Ms. Riesett continued to work in watercolors, favoring still lifes, Victorian homes, watermen and Eastern Shore scenes, where she enjoyed her plein air painting sessions. She was a member of the Maryland Watercolor Society and was a longtime exhibitor at the Watermark Gallery in Baltimore.

A former longtime Hamilton resident who later moved to her daughter’s home in Lutherville, she enjoyed working in her perennial garden and spending time with neighbors.

A lover of animals, Ms. Riesett over the years adopted many stray cats and dogs, family members said, and cared for the flocks of songbirds in her yard, preparing evening meals of birdseed and torn pieces of peanut butter sandwiches. She was also a fan of musicals, singing, British television programs, the Orioles and the Ravens..

She had been a Girl Scout leader and volunteered in the admission department at Union Memorial Hospital.

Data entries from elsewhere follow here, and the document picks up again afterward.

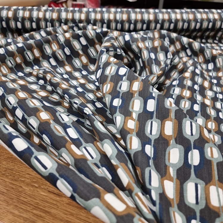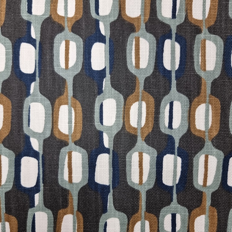 Spira of Sweden är det som står bakom denna retropärla. Tryckt på en lite kraftigare bomullsväv, som lämpar sig till kuddar, gardiner, dukar, klä om stolsdynor, kassar, väskor etc.
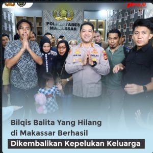 Rilisberita.id,jakarta– Polri berhasil menemukan dan memulangkan Bilqis (4), balita yang sempat dilaporkan hilang di Taman Pakui Sayang, Jalan A.P. Pettarani, Makassar, pada Minggu (2/11/25) Keberhasilan ini merupakan hasil kerja cepat dan kolaboratif tim Jatanras Polrestabes Makassar bersama Polsek Panakkukang. Setelah dilakukan penyelidikan intensif dan analisis rekaman CCTV, petugas akhirnya berhasil menemukan Bilqis di Kabupaten Merangin, Provinsi Jambi, pada Sabtu (8/11/25) Setibanya di Makassar Bilqis langsung diserahkan kepada orang tuanya pada Minggu (9/11).
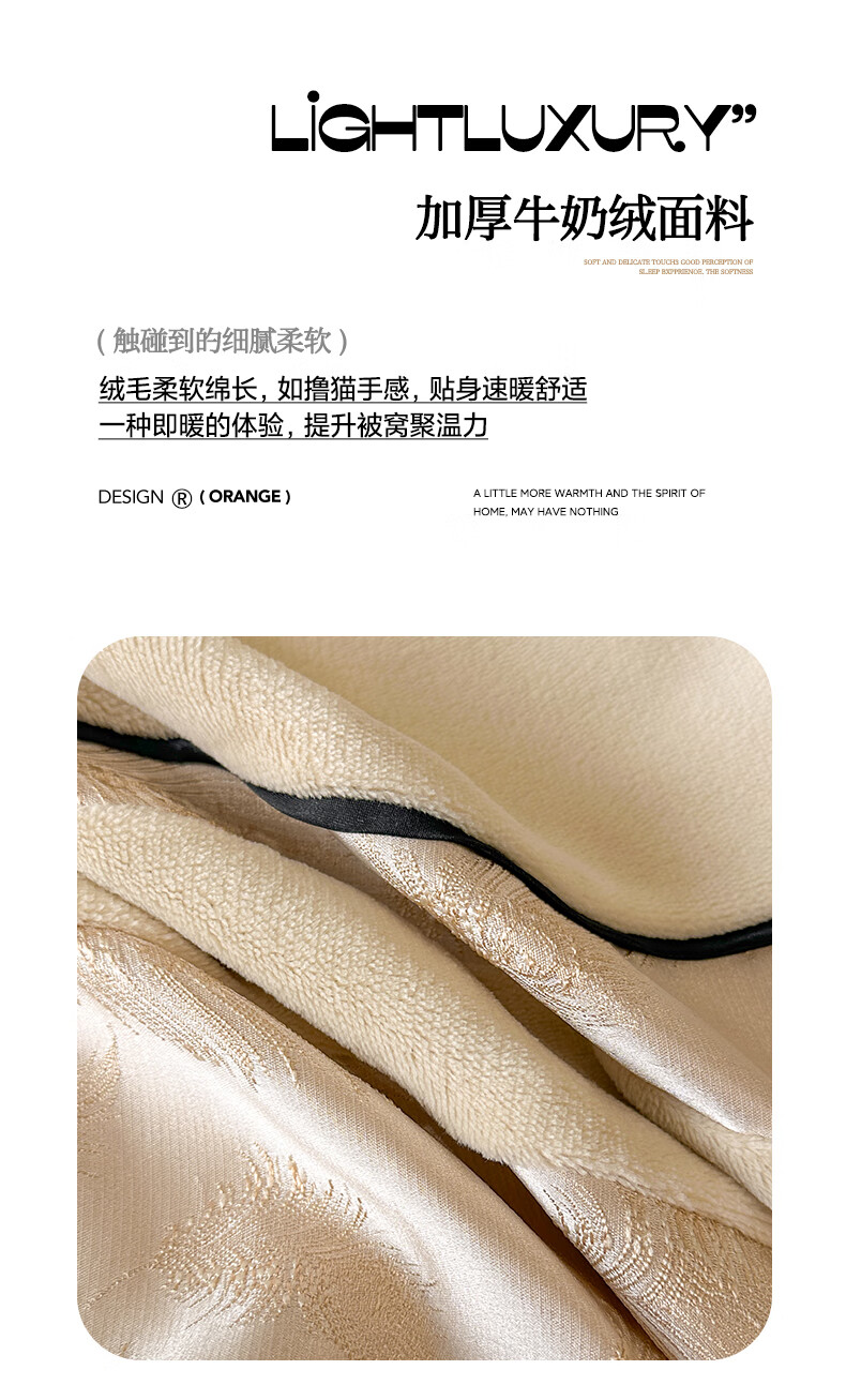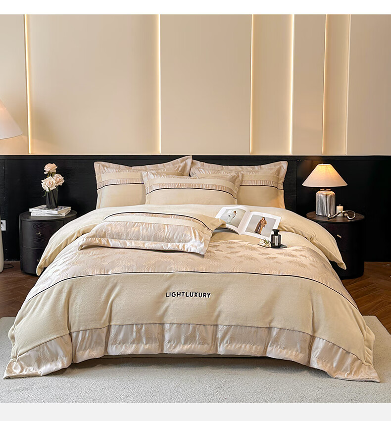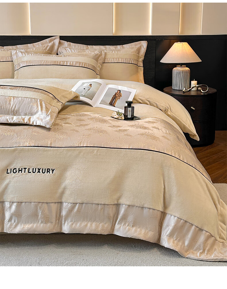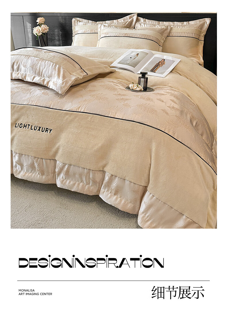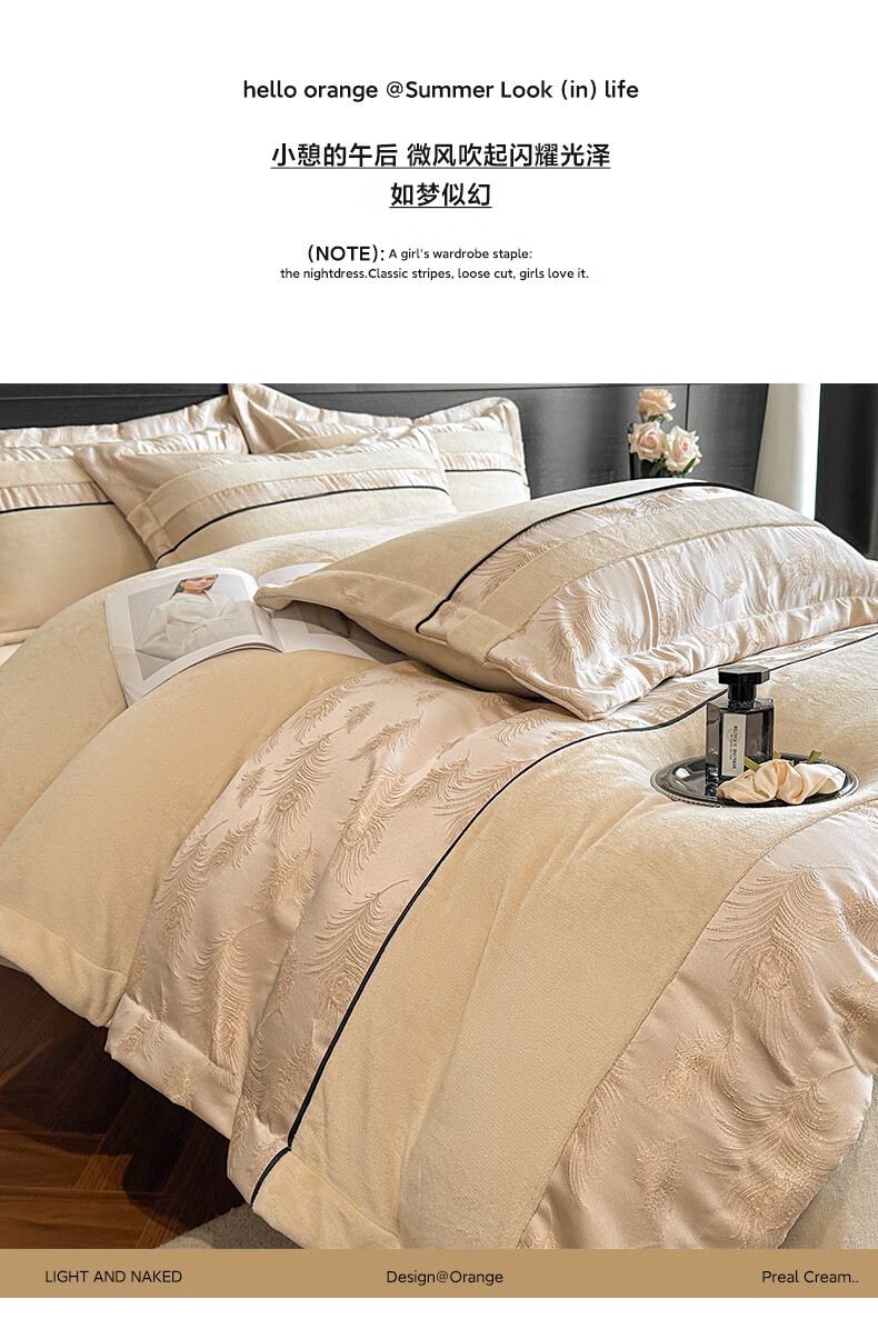 VJE高级感冬季床上四件套牛奶绒冬天双面绒加厚珊瑚绒床单被套床品 羽皇-香槟 三件套1.2m 床单款 -被套150*200cm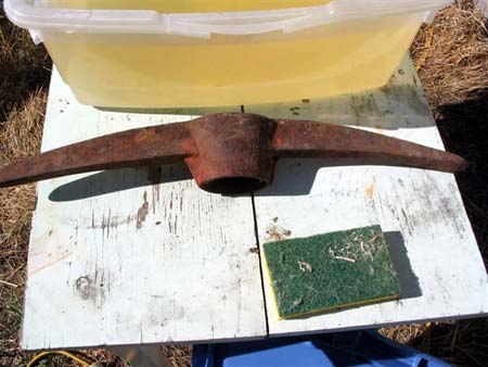 This is the picture of the pickhead after I Painted it and used rosin core solder to fill in the deep pits that were eaten away by rusting. I did not get a picture with the new pick handle made from fiberglass that will not break or be affected like wood from UV or aging. The solder I only used if the structual integrity of the item is preserved. I would not fill in anything too weak to be used properly. The solder sticks better than bondo and will not fall off.
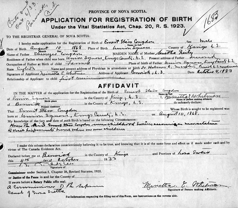 Birth Born on August 10, 1868 in Union Square, Kings Co., NS Death Died on November 03, 1938 in Winter Haven, Polk Co., FL Buried in Oaklawn Cemetery in Winter Haven, Polk Co., FL Marriages COGSWELL, Lillian A. Married on January 06, 1887 in Aylesford, Kings Co., NS Children CONGDON, Frank Roy: October 29, 1888 - January 30, 1960 Notes Occupation: Farmer Sources Florida Deaths: #19948 Images Ernest Congdon Birth Ernest Congdon Marriage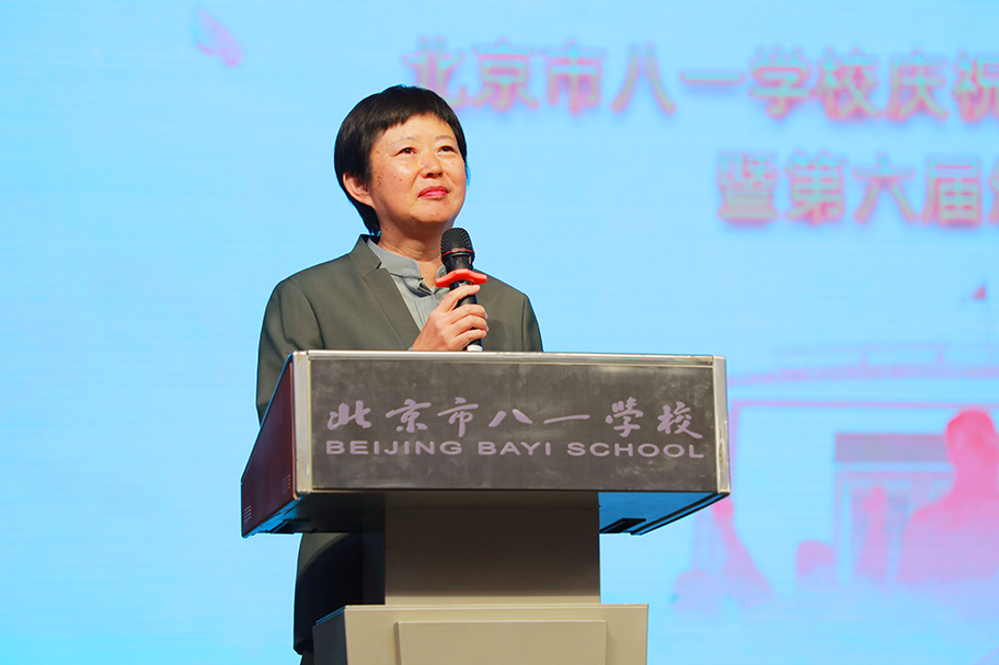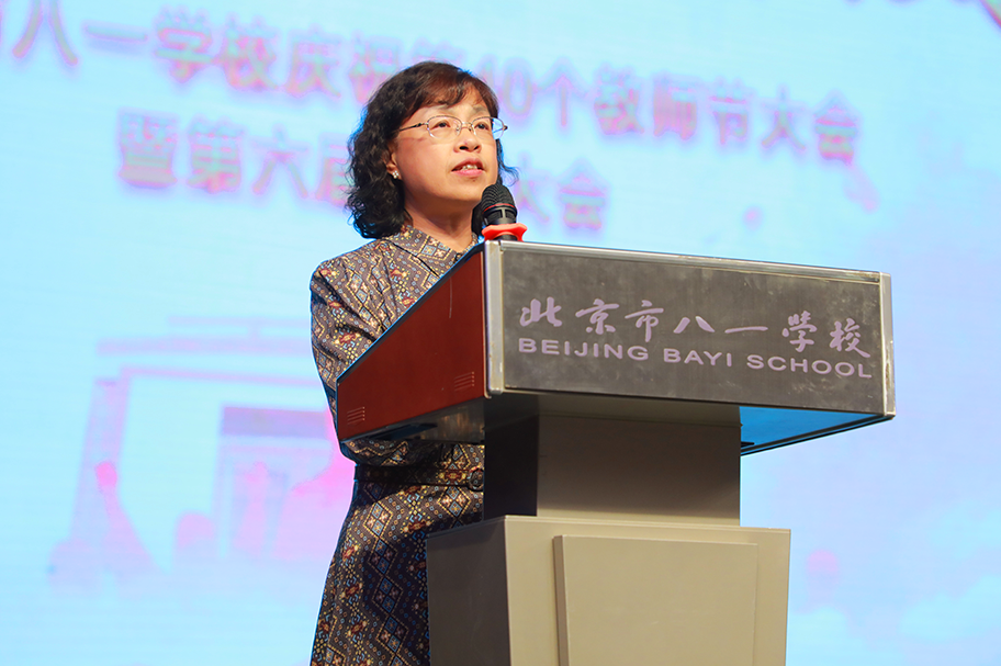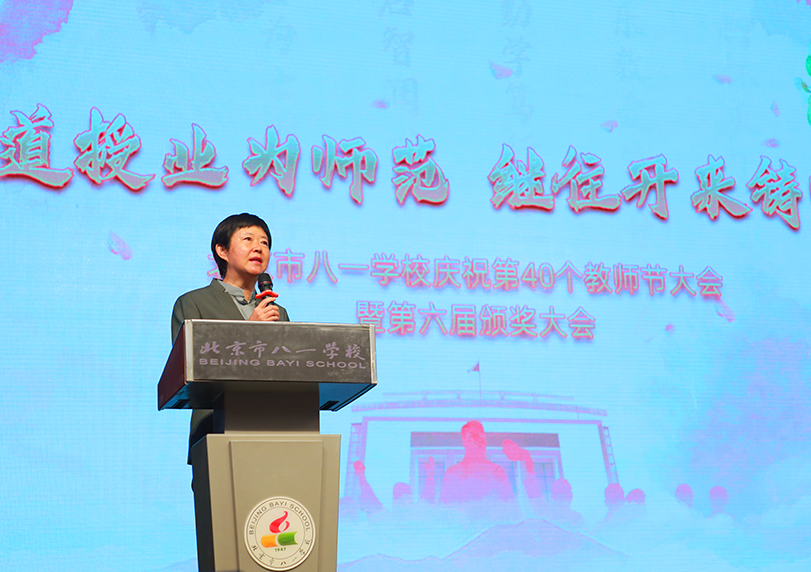 奖项颁发结束,牛震云书记代表八一学校,向辛勤耕耘在学校各个岗位上的教师和教育工作者,表达深深的敬意,并以“八一的创新”为题致辞。她回顾了40年前的一个教师节,学校的缔造者聂荣臻元帅为八一写下“继往开来,开拓无前”。继往开来,是守正创新不忘初心;开拓无前,意味着革故鼎新开辟未来,让思想和思维与时俱进,把新思想、新思维落实到行动上。在2003年,八一学校成为第一所进入示范校行列的普通校,开辟了发展新纪元。在学校做德育工作多年,牛书记也不断要求自己与学生同频,与时代同行,把德育做得有声有色,把学生工作做的有情有义。

Ms. Riesett had been an active communicant of the old Episcopal Church of St. Paul the Apostle, where she had been a member of the vestry and taught Sunday school.

A memorial service will be held at 1 p.m. Sunday in the chapel of the Episcopal Church of the Holy Comforter, 130 W. Seminary Ave., Lutherville.

Ms. Riesset is survived by her daughter, Wendy Cardwell of Lutherville, and three grandchildren. Her marriage ended in divorce.